То же верно и в отношении Кафки. Тело Кафки само себя наблюдает. Писатель ведет скрупулезный учет своих унижений, своих физических катаклизмов, и мы понимаем, до какой степени его воображение — особенно это относится к «Превращению» — берет начало во внутреннем ощущении собственного тела, почему все его творчество пронизано стыдом, наготой и страданием. Средоточие всех былых несчастий и всех грядущих катастроф само выставляет себя напоказ, раздваивается и распадается, выводит себя на сцену в спектакле театра ужасов и жестокости, участники которого — чудовища. «На один только миг я почувствовал себя закованным в панцирь. Например, мне показалось, что мышцы моих рук словно бы отдалились от меня». Другу детства, Оскару Поллаку, Кафка пишет: «Когда стеснительный Ланге вставал со своего табурета, он чуть не стукался своим большим нескладным черепом о потолок и пробил бы насквозь не только его, но высунулся бы через соломенную кровлю, если бы не помнил каждый раз про осторожность»[31]. А вот письмо Максу Броду, июль 1916 года: «…После тягостных ночей с открытым ртом я ощущаю свое тело выпачканным и наказанным — как будто в моей постели завелась неизвестная грязь».

В начале «Дневника» Кафка размышляет о мотивах, подтолкнувших его вести интимные записи: «Конечно же, я пишу все это, побуждаемый отчаянием, в которое повергает меня мое тело и будущее моего тела». И наоборот, в записи от 15 августа 1911 года он замечает: «Период, который только что завершился и за который я не написал ни единого слова, был для меня очень важен, потому что в бассейнах Праги, Кёнигсзаля и Черношиц я перестал стыдиться своего тела. То, что я с таким опозданием взялся в двадцати восьмилетием возрасте устранять пробелы в моем воспитании, можно сравнить с запоздалым стартом в забеге. И главное зло в случае такой неудачи, может быть, состоит не в проигрыше; это было бы всего лишь видимое, ясное и здоровое ядро несчастья, которое все более теряет свои очертания и, становясь огромным, толкает вас внутрь круга, который на самом деле следовало бы обежать».

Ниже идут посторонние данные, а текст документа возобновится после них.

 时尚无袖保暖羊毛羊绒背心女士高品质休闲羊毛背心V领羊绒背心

Иначе говоря, на первых порах тождество могло бы показаться довольно простым: стыдящееся и неловкое тело есть тело пишущее; и наоборот, тело спортивное, энергичное, свободное есть тело, потерянное для литературы: я иду в бассейн, я перестал стыдиться своего тела, но я больше не написал ни единого слова. На следующем этапе дело предстает более сложным, потому что при всех условиях вопрос состоит скорее в следующем: как сделать себе другое тело? Посредством чего к нему можно прийти? Пытки, страдания или бега по кругу?

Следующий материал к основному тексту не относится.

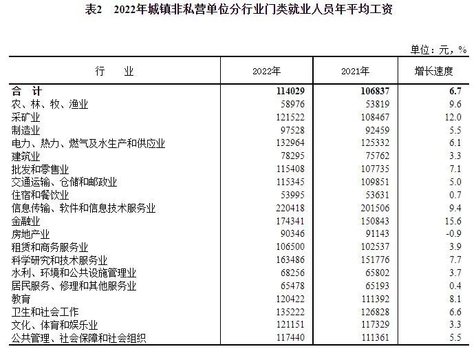 数据显示,2022年,全国城镇非私营单位就业人员年平均工资为114029元,比上年增长6.7%,增速比2021年回落3.0个百分点,扣除价格因素实际增长4.6%。

Возьмем другое место в «Дневнике». Кафка на службе, он диктует важный циркуляр для полиции округа. Перейдя к заключению, он внезапно прерывается на полуслове, не в состоянии ничего делать, кроме как смотреть на м-ль К., машинистку (хорошо знакомая стыдливым людям неспособность свободно устанавливать границы поля своего зрения), которая, как ему кажется, делает все, чтобы «привлечь внимание всей комнаты к [его] беде». «Наконец я нашел слово „заклеймить“ и соответствующую ему фразу, но держал все это во рту с чувством отвращения и стыда, словно это был кусок сырого мяса, вырезанного из меня мяса (такого напряжения мне это стоило). Наконец я выговорил фразу, но осталось ощущение великого ужаса, что все во мне готово к писательской работе и работа такая была бы для меня божественным исходом и истинным воскрешением, а между тем я вынужден ради какого-то жалкого документа здесь, в канцелярии, вырывать у способного на такое счастье организма кусок его мяса»[32].

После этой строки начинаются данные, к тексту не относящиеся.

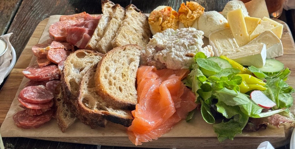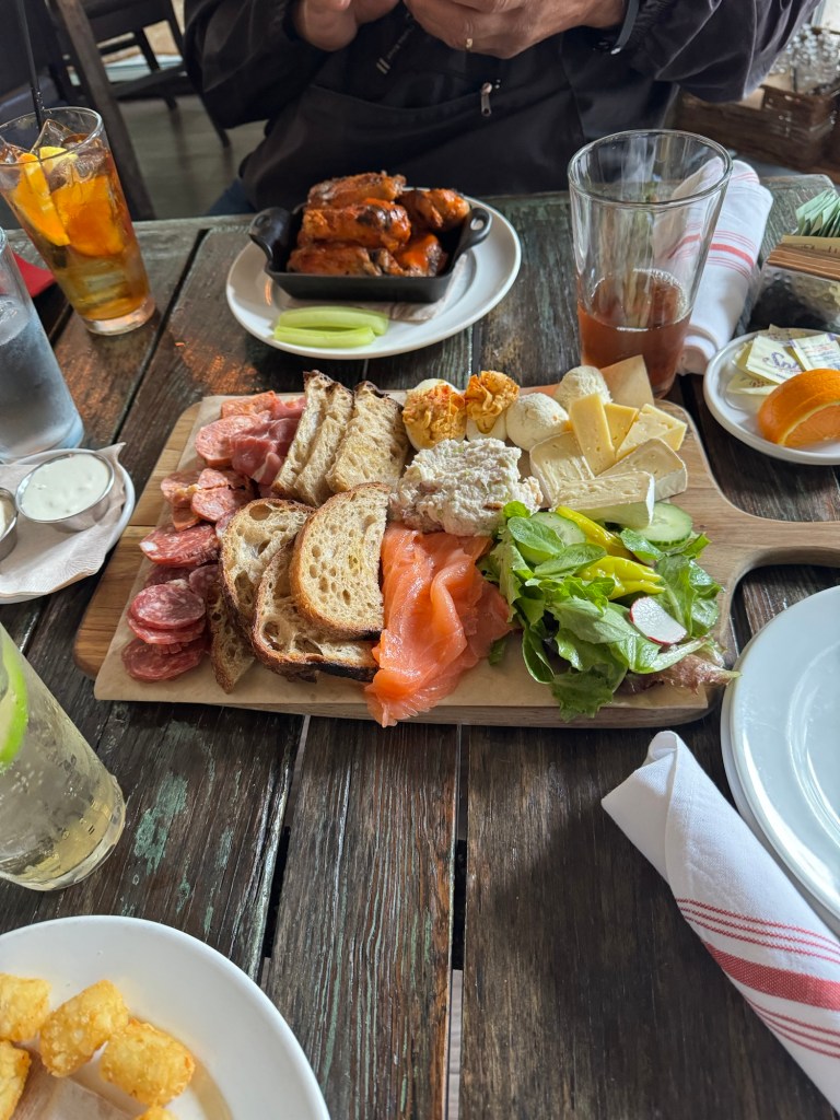 This is what my friend Scott and I had for lunch today. This is a very lovely and gratifying photo of our lunch, Local 22 restaurants, charcuterie board. I’ve been going to one or another Bakatsias restaurant for the 40 years I have lived at Chapel Hill and and each one has been a delight. But since several of my recent posts has been about going to places that are part of the dining scene in Chapel Hill, has been on my mind a lot lately and I do have one very favorite particular Bakatsia restaurant. It was wonderful place on Hillsborough at 9th Street in Durham called George’s’ Garage. Amazingly Bakatsia’s Juju is located now in the same spot. I only visited it several times a year because I wanted to have at least for friends visitors and of course myself. The only other place I treated this way was the Italian restaurant restaurant Aurora in Carrboro). My favorite dish at George’s was their duck comfit which I first tried there. I can almost still taste the dish.

Перечитайте это признание, вышедшее из-под пера Кафки: может быть, писать — это счастье. Представьте себе вместе с ним пишущее тело как ответ несчастному телу канцелярской крысы — оно лает нам другой образ Кафки, Кафки в поисках настоящей жизни, которой могло бы стать пребывание в литературе.

* * *

Тело как постыдное ограничение и как место проявления внутреннего зла — это именно то, что так остро ощущал Фриц Цорн и что он выразил своей единственной книгой «Марс», подлинным погружением в глубины стыда: «Не что иное, как собственное тело, уже стало для меня чужим, я не знал, что с ним делать. Я прекрасно чувствовал себя в условном мире „возвышенных вещей“, но грубость, примитивизм, которые я ощущал в мире телесном, пугали меня. Я не любил много двигаться, я казался себе уродливым и стыдился своего тела. Ну да, тело-то все время было здесь, оно не могло смыться в мир „сложного“ и отвернуться от жизни. Неудобство, которое доставляло мне это отсутствие связи между моим телом и природой, проявлялось в преувеличенной стыдливости». Какой образ лучше, чем образ рака-отшельника, отражает ту драму стыда как прозрачности, которая разыгрывается, когда индивид, уверенный, что успешно добрался до безопасной зоны, оказывается предоставлен своему сопротивляющемуся телу? Человек телесного и сексуального стыда напоминает рака-отшельника, спешащего втиснуть свою беззащитную наготу в убежище пустой раковины: «Я говорил себе, что и мы тоже похожи на этих раков-отшельников. Спереди мы наилучшим образом защищены, но сзади угрожает нагота. Только мы не слишком-то храбрые раки-отшельники, и потому предпочитаем чахнуть посреди своих страданий в нашем чересчур узком домике. С верхней частью тела все было в порядке; но нижняя была обречена постепенно атрофироваться от болезненного сжатия, лишь бы только не согласиться на то, чтобы ее нагота ради ее собственного спасения была рискованно выставлена на всеобщее обозрение».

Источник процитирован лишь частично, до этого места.